Stephen Brown from Fairtrade Eastbourne said, “We’re a campaign group trying to get people to think about how their shopping habits can help people overseas.
“As part of the local coalition of agencies putting on this hustings, Fairtrade Eastbourne is particularly wanting to challenge the candidates on issues of Fairtrade and trade justice in general.”
The group wants to make Eastbourne a fairtrade town and to ensure companies are more transparent about where their goods come from.

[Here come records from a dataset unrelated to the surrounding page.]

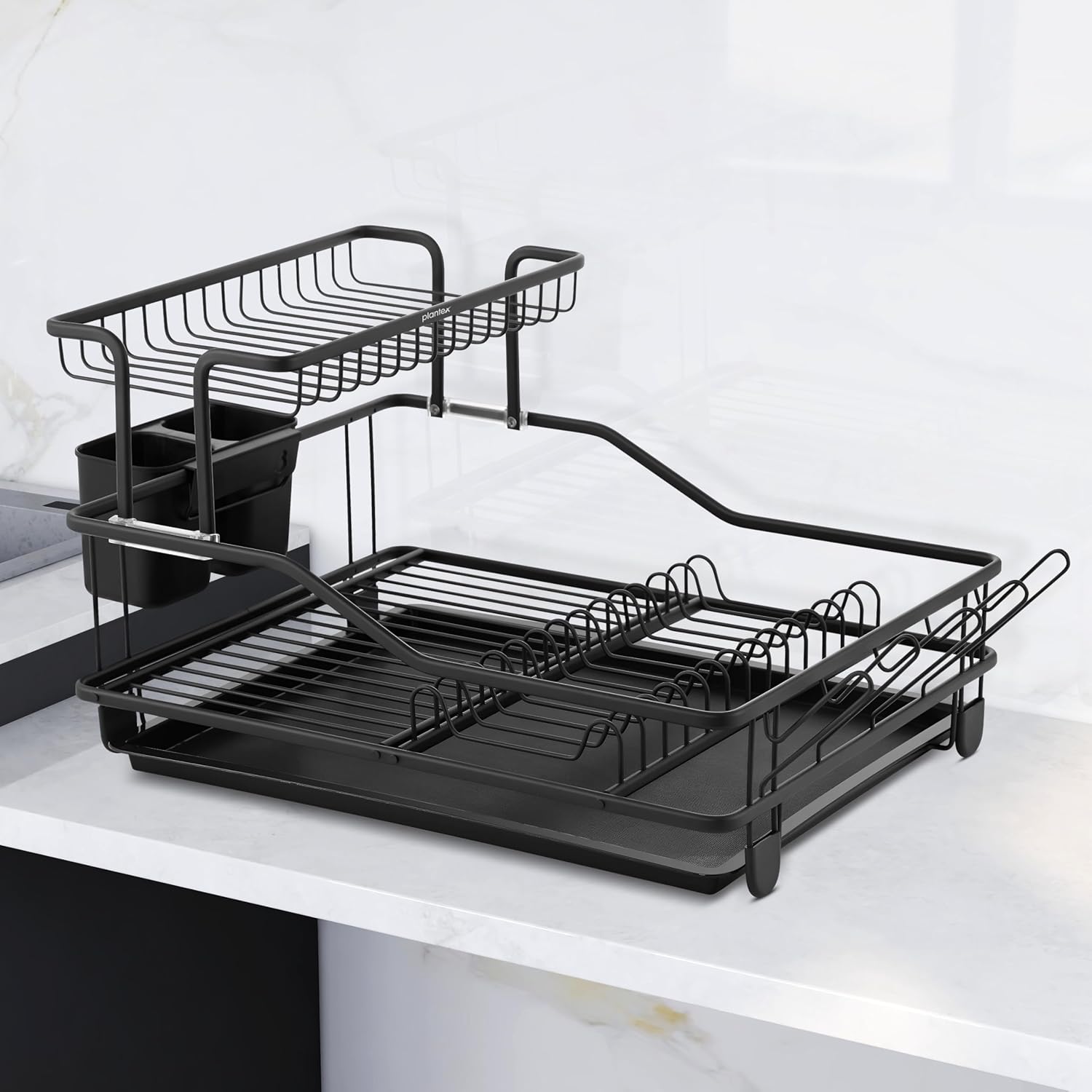 2-TIER DISH DRYING RACK WITH DRAINER TRAY & CUTLERY HOLDER – STEEL KITCHEN ORGANIZER
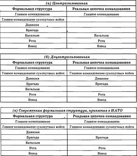 Армии разделены на традиционные подразделения, с вариациями в различных странах: дивизии, бригады, полки, батальоны, роты, взводы. Однако центр принятия решений и реальная организационная структура обычно сконцентрированы на одном или двух конкретных уровнях. Для нас очень важно выявить решающий уровень, а затем направить на него все усилия. Таблица I показывает некоторые альтернативы, с которыми мы можем столкнуться, хотя на самом деле для того, чтобы достичь глубокого проникновения, нам придётся оперировать на нескольких уровнях ниже реального центра принятия решений; оперировать выше не имеет смысла.
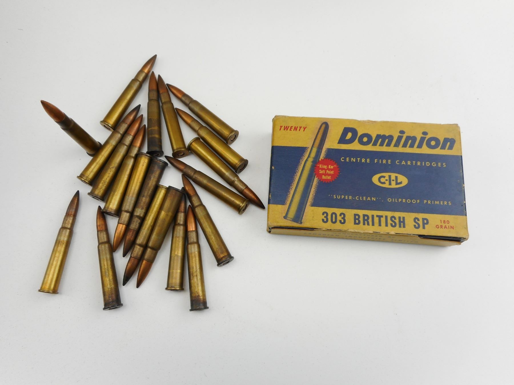 303 BRITISH AMMO ASSORTED , 31 RNDS 303 BRITISH AMMO ASSORTED, SOME IN VINTAGE DOMINION BOX

He cited the Rana Plaza disaster in 2013, when a clothing factory in Bangladesh burnt down, killing 1,129 people, and said there were some shops in Eastbourne whose goods may have come from this factory, or others like it.
Making people aware of where goods come from and how the labourers are being treated is a key part in changing how the world works when it comes to issues like slavery, fair pay and human rights.
“When you buy a cup of tea how much of it goes to the tea growers?” asked Mr Mansergh. “About one per cent or less.
“We have got to give the people who do hard work a return on their labour.”
At the hustings, Fairtrade Eastbourne will ask candidates about transparency in supply chains, how more people can be encouraged to buy more Fairtrade goods, and how much the government spends on overseas trade and development.
Other topics likely to come up include food poverty, with the World Food Programme saying 805 million people in the world do not have enough food - that is 11 per cent of the world’s population.
The charities also said UN Water figures show 732 million people do not have access to clean water, and 2.5 billion people (34 per cent of the world’s population) do not have access to adequate sanitation.
The groups said they are likely to ask the Eastbourne candidates what can be done about these figures, as well as the fact 17,000 children die from preventable diseases around the world every day.
The public are also invited to submit written questions for the candidates relating to the topics before the event. Visit www.ctfe.org.uk to fill out a form and for more information.
A more general hustings putting Eastbourne parliamentary candidates on the spot will be held on Thursday April 30.
The general election will be held on Thursday May 7.